Provided data –
Start of Block
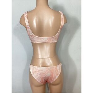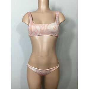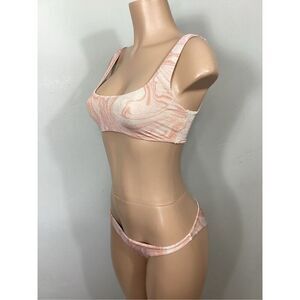 New. L*SPACE bikini set. Vivacious yet simple, the Lizzie Top fits our vibe without any distracting frills. The stretchy material feels smooth against our skin as it follows our every move, while the low square back and front sit discreetly under our top for beachside sips. Beautiful swirl pattern in pink, cream, peach with a dusting of gold shimmer.
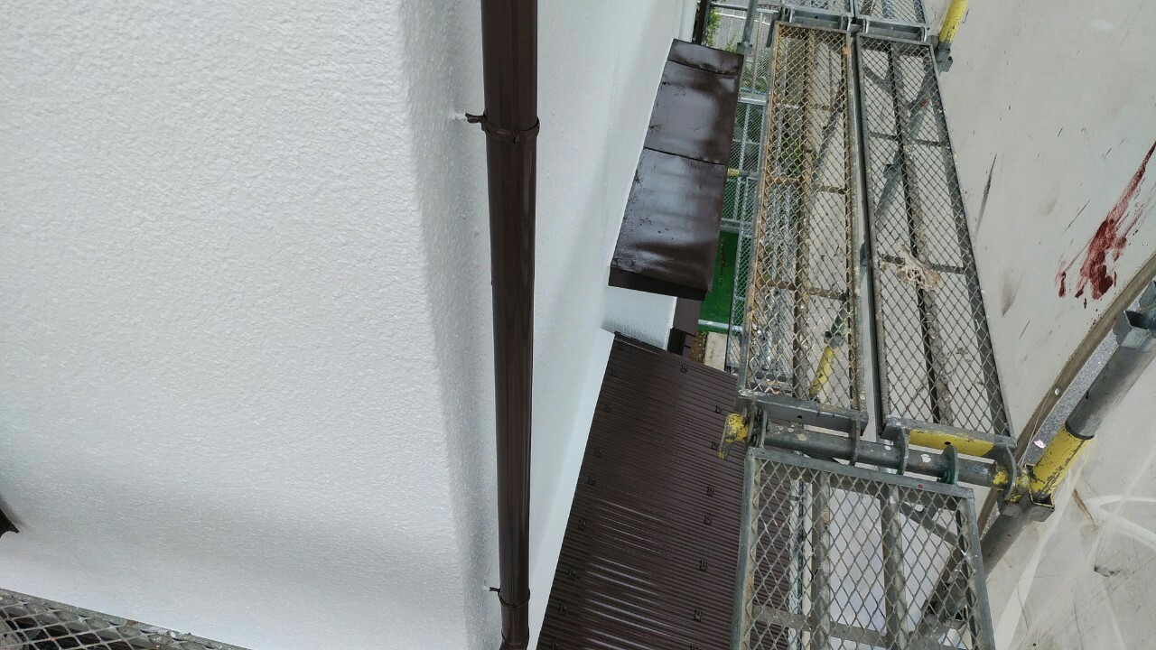 外壁の形状や塗料の種類によっては機械で吹付することもありますが、近隣さんが隣接している事が多い事から、塗料の飛散防止の為にもローラー仕上げが多いですね。
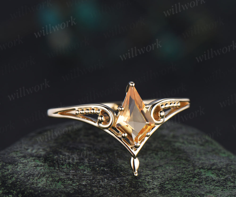 Vintage kite cut citrin engagement ring solitaire split shank milgrain wedding ring November birthstone gifts
End of Block
Problem statement – Copy the data above word for word. Pictures stay out.

Answer –
 New. L*SPACE bikini set. Vivacious yet simple, the Lizzie Top fits our vibe without any distracting frills. The stretchy material feels smooth against our skin as it follows our every move, while the low square back and front sit discreetly under our top for beachside sips. Beautiful swirl pattern in pink, cream, peach with a dusting of gold shimmer.
 外壁の形状や塗料の種類によっては機械で吹付することもありますが、近隣さんが隣接している事が多い事から、塗料の飛散防止の為にもローラー仕上げが多いですね。
 Vintage kite cut citrin engagement ring solitaire split shank milgrain wedding ring November birthstone gifts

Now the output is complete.